Intensive reading of deep learning papers [6]: UNet++

0db5b2c77fa0a2e90235848d384b607b.jpeg

Since the encoding and decoding structure of UNet was proposed, it has a tendency to unify deep learning image segmentation, and the subsequent improvement scheme based on UNet has been enduring for a long time. Some researchers are also thinking about the effectiveness of UNet from the network structure itself. For example, how many layers should be used in the codec network, whether the skip connection can have more changes, and what kind of structure is more effective for training. UNet itself is a network structure proposed for the task of medical image segmentation. Unlike natural image segmentation, this task does not require very strict segmentation accuracy. However, for medical images, the segmentation of organs and lesions requires extremely high accuracy, because in many cases, the segmentation effect is directly related to the corresponding clinical diagnosis decision. For the motivation of the above two aspects, that is, to design a better UNet structure and improve the accuracy of medical image segmentation, relevant researchers proposed a nested UNet structure (Nested UNet), also called UNet++, and proposed a UNet++ paper as UNet++: A Nested U-Net Architecture for Medical Image Segmentation, published at the 2018 Medical Image Computing and Computer Assisted Intervention (MICCAI) conference.

UNet++ is named Nested UNet because its overall encoding and decoding network structure also nests encoding and decoding sub-networks (sub-networks). On this basis, the jump connection in the middle of UNet is redesigned, and deep supervision is added. The mechanism accelerates network training convergence. The complete UNet++ structure is shown in the figure below.

3d8ea073864e63002bc3bbc95c502e0c.png

The black part in the figure is the original UNet structure, including three parts: encoder downsampling, decoder upsampling and black dotted line jump connection; the green part is the nested UNet subnetwork, including convolution and upsampling. The blue dotted line is the redesigned jump connection of UNet++, which is similar to the dense connection of DenseNet, here is to provide jump connections for the sub-network; the top red and black connection is the deep supervision mechanism supplemented by UNet++, the purpose is to network able to train successfully.
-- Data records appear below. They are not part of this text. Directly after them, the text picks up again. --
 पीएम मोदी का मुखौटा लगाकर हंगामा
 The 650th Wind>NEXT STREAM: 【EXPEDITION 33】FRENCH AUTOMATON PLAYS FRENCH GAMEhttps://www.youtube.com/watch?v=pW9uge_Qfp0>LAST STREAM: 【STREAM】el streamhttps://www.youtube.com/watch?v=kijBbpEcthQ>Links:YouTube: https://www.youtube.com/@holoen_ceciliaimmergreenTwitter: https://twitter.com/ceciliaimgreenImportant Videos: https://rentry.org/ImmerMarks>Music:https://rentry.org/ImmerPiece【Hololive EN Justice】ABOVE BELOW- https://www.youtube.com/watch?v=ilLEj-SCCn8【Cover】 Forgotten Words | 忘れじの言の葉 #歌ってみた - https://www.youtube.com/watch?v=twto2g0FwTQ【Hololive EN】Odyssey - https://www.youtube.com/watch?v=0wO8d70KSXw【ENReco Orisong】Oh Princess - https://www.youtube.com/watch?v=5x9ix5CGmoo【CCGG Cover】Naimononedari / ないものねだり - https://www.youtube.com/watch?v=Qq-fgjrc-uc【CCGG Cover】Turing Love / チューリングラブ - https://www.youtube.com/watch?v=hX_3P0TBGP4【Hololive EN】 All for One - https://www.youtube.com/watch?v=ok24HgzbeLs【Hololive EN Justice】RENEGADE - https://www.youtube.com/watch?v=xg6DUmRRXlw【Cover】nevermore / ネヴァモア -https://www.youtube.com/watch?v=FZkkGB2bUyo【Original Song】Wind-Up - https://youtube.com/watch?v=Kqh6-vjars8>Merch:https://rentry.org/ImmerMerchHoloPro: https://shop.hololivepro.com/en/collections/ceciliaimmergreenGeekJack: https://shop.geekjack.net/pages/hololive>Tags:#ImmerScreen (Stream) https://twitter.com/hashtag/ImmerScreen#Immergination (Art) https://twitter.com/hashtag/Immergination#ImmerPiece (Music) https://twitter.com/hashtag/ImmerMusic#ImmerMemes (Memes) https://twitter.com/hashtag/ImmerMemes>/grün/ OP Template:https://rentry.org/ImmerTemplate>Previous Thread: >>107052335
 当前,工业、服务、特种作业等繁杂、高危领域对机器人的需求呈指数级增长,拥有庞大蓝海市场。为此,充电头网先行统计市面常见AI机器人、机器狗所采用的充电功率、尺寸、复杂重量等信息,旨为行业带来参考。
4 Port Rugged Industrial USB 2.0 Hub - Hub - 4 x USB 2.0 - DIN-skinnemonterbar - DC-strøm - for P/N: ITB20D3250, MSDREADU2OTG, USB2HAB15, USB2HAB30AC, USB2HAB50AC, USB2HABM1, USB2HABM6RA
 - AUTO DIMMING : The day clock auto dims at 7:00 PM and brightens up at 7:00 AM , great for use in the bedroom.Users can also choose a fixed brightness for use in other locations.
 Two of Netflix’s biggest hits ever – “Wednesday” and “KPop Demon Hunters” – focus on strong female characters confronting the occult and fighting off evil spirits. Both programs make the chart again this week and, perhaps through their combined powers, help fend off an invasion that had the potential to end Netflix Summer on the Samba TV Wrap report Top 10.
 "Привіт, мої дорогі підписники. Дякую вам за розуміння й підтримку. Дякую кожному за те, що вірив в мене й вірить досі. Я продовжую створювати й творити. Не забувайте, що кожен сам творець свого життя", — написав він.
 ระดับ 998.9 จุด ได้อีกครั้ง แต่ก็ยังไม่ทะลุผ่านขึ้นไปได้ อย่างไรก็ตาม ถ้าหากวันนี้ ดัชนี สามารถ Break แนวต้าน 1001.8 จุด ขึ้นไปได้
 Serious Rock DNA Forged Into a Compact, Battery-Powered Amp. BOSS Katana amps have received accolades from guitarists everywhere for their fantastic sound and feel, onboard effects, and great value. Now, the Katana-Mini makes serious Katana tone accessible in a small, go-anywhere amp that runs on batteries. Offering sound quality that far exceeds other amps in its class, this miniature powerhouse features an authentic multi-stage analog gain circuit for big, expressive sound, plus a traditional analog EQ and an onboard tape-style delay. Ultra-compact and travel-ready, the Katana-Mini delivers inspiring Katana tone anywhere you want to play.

Let's interpret UNet++ from the perspective of structural design. Regarding the UNet structure, the most important question is how many layers the network should have. The original UNet structure uses 4 layers of downsampling and 4 layers of upsampling, so is 4 layers enough to meet the needs of all segmentation tasks? the answer is negative. Through the network structure analysis before this section, we already know that the shallow network can extract the coarse-grained features of the image and obtain the basic shape of the image; the deep network can extract the abstract features of the image and obtain the semantic information of the image. There are deep benefits. Like the previous RefineNet point of view, the author of UNet++ believes that whether it is shallow, deep or middle, the features of all levels are important for the final segmentation. Some data segmentation tasks are simple and the image information is single, and a shallow network may be sufficient to achieve good results, while some data tasks are complex and image information is rich, and may require a deeper network structure to achieve good results. The previous UNet Structural design is difficult to take care of this universality at the same time. UNet++ achieves this universality by designing nested UNet subnetworks of different depths, so the depth of UNet is solved here.

The second question is how to adjust the skip connection part after adding nested networks of different depths. In UNet, the skip connection is directly connected from the encoder of the same layer to the corresponding layer of the encoder upsampling. But after adding the nested subnetwork, the original long connections in UNet no longer exist, and are replaced by short connections in each subnetwork. The authors of UNet++ believe that the long connection is necessary in UNet, which can link the front and back information in the image, and has a good supplementary effect on the information loss caused by downsampling. Therefore, UNet++ refers to the dense connection design of DenseNet, and adds long connections to the nested network, as shown in Figure 5 below.

88d0015a4fd980c2976db0dacbe9b805.png

But this brings a third problem: when backpropagating, the middle part may not receive the gradient returned by the loss function. So see the tricks, UNet++ uses the deep supervision method to force the gradient to help the network to train normally. But the benefits of deep supervision for UNet++ are not limited to this. Through different deep supervision loss functions, UNet++ can achieve scalability through network pruning. So, in summary, UNet++ has the following two advantages compared to the original UNet:

(1) Integrate image features at different levels through nested sub-networks and long-short connections, making network segmentation more accurate;

(2) The flexible network structure cooperates with the deep supervision mechanism, so that the deep network with a huge amount of parameters can greatly reduce the amount of parameters within the acceptable accuracy range.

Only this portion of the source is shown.